## Problem details:
Whenever an image turns up, omit it and return the remaining data exactly.

## Recorded information:
..........
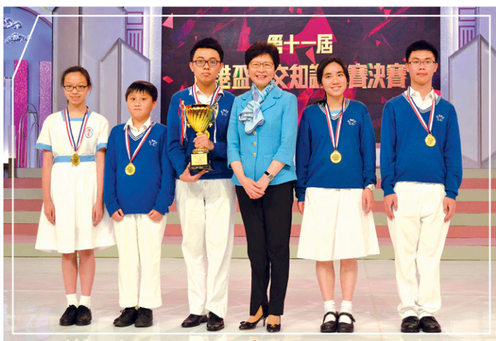
第十一屆香港盃外交知識競賽

「基金」於1995年成立，慶祝香港回歸祖國。自特區成立20年以來，香港一直繁榮發展。我們應珍惜所取得的豐碩成就，並努力使我們的城市、國家以至世界變得更美好。只要大家相互信任、彼此支持及同心協力，我們的願望定能實現！
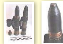
б) авиационные снаряды
..........
## Solution:
第十一屆香港盃外交知識競賽

「基金」於1995年成立，慶祝香港回歸祖國。自特區成立20年以來，香港一直繁榮發展。我們應珍惜所取得的豐碩成就，並努力使我們的城市、國家以至世界變得更美好。只要大家相互信任、彼此支持及同心協力，我們的願望定能實現！
б) авиационные снаряды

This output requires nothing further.